Kora
Today
In 2020, following the handover of The Mkomazi Project in Tanzania, the Trust returned to Kenya to focus on the rehabilitation of Kora National Park, continuing extensive discussions with KWS for the long term stewardship, conservation, environmental protection and sustainable development of Kora and to forward the joint objectives.
Kora’s landscape has been been degraded over the past three decades with intense livestock incursions, commercial bush meat poaching, the loss of its wildlife dispersal areas, charcoal production, the burning and destruction of the Tana River forests and climate change. However, the Kenya Wildlife Service has established a restoration programme. Together with the Trust, they are working on the long-term rehabilitation of the ecosystem, the protection of its habitat and wildlife and continuing its work in the adjacent communities.

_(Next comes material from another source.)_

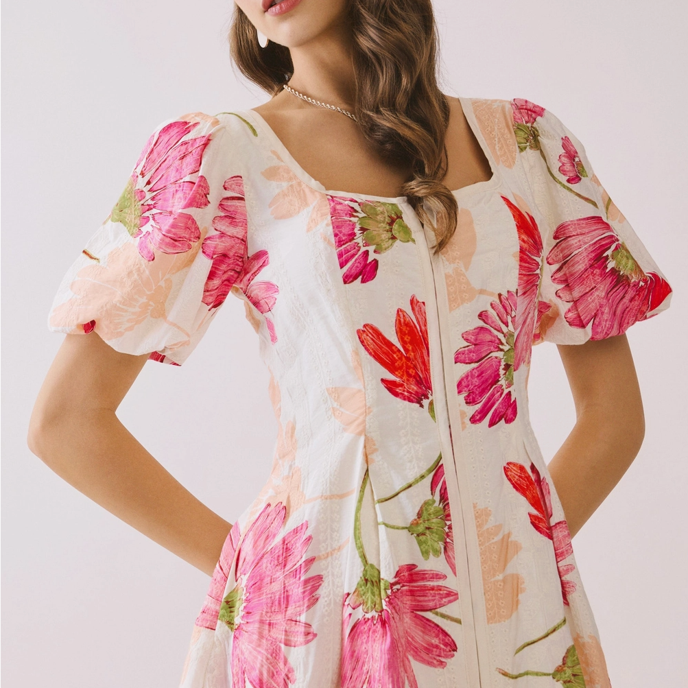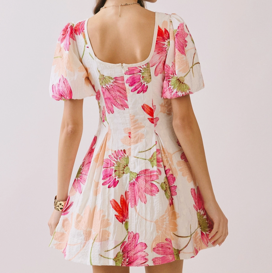 Sweetly structured with a playful touch, our Floral Print Flare Skirt Fit and Flare Mini Dress features a flattering fitted bodice and a flared skirt that moves beautifully with every step. Finished in a timeless floral print, it’s perfect for dates, daytime celebrations, and sunny-day outings!

The Kora project is a multi-disciplinary approach to an environmental rehabilitation programme encompassing the following:
- Infrastructure upgrades
- Reducing damage to the Kora ecosystem
- Strategic support for Kenya Wildlife Service
- Wildlife recovery programme
- Community outreach programme
- Tourism promotion






“Kora, so often overlooked and misrepresented, is well worth every effort to sustain it as a wild place in its own right and as a value added buffer to the Meru National Park. Tony Fitzjohn has the vision, the energy and the expertise to put this together, but he needs the support of all of us if success is to be assured.”